Faire appliquer ses décisions commence par savoir faire adopter une proposition en réunion

En entreprise, nombre de décisions sont prises ou entérinées en réunion. Malheureusement, les réunions à la « française » restent des réunions peu efficaces, entachées de jeux de pouvoir, de retards, de non-respects du planning, Un nouvel extrait de notre livre ‘Faire Appliquer ses décisions » (Gérard Rodach, Eyrolles, 2009)

Les spécificités des modes de décision en réunions

Vous avez peut-être joué à des jeux en formation comme celui de la NASA où vous devez, en équipe, classer des items par ordre d’importance pour votre survie (il existe des variations dans le désert, dans l’Himalaya, …). Vous avez éventuellement vu le film 12 hommes en colère, du réalisateur Sydney Lumet (1924- ), un film ancien (1957) mais qui repasse régulièrement à la télévision : un jury de douze personnes doit décider si l’accusé est coupable ou non. Au départ, tous les jurés sont convaincus qu’il est coupable. Un, toutefois, trouve cela trop évident. Il donne un vote favorable à l’accusé. Au fur et à mesure que les autres membres du jury tentent de le convaincre en décortiquant chaque preuve, le jury découvre que celle-ci n’est finalement pas valable. Le film montre les jeux de relations et de pouvoir dans un groupe. Tous ces jeux et films montrent la complexité de la décision collective. Ils soulignent que si en groupe la responsabilité est collective, les risques sont aussi bien plus analysés et disséqués. Les phénomènes de groupe peuvent conduire alors à des décisions plus risquées que celles qu’aurait prises individuellement chaque personne.

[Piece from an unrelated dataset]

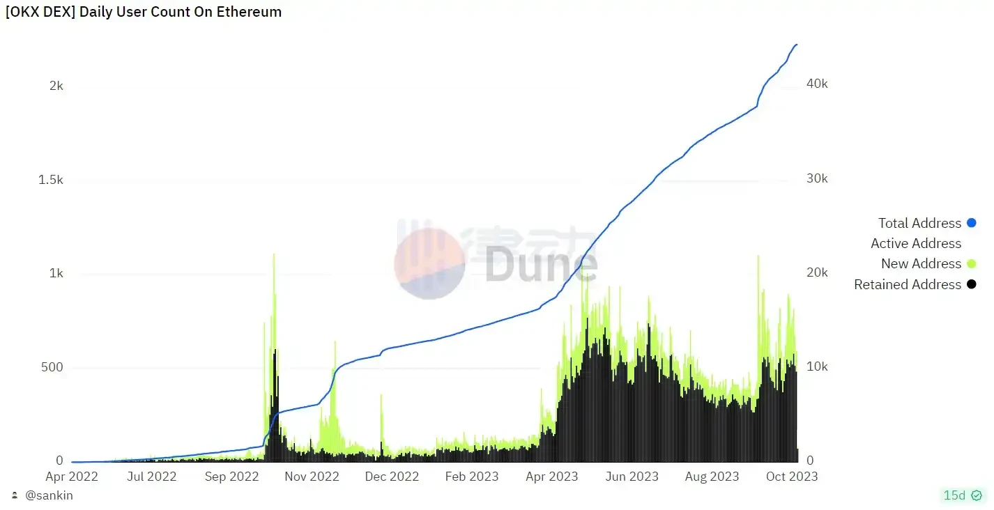 2023 年底 OKX 钱包地址增长,数据来源:Dune Analytics

Pourquoi cette complexité ?

Irving Janis (1918-1990), professeur de psychologie aux USA, est l’inventeur du concept de « pensée de groupe » (« groupthink »). Le terme décrit le processus selon lequel les individus d’un groupe ont tendance à rechercher le consensus plutôt qu’à appréhender de manière réaliste la situation. Le danger d’un tel phénomène est que le groupe peut prendre de mauvaises décisions ou des décisions irrationnelles, même si les individus du groupe auraient personnellement pris une autre décision. Dans une telle situation de pensée de groupe, chaque membre essaye de conformer son opinion à ce qu’il croit être le consensus du groupe sans se poser la question de ce qui est réaliste. La conséquence est une situation dans laquelle le groupe finit par se mettre d’accord sur une action que chaque membre croit peu sage. De manière moins dramatique, le résultat peut être une décision collective qui ne satisfait personne, car elle n’est pas le résultat de la concertation des différents besoins de chaque individu.

Voici quelques symptômes de la pensée de groupe.

La pression de la conformité : Une forte pression est exercée sur les individus pour qu’ils s’alignent sur la volonté du groupe et pour qu’ils ne soient pas en désaccord avec lui, sinon ils sont écartés des débats, voire sanctionnés ou expulsés.

La transformation de l’opposant en stéréotype : Lorsqu’un opposant est considéré avec partialité ou avec des préjugés, ses affirmations qui contredisent les convictions du groupe sont ignorées.

L’autocensure : les membres du groupe préfèrent garder leurs opinions divergentes pour eux, plutôt que de déserter le navire.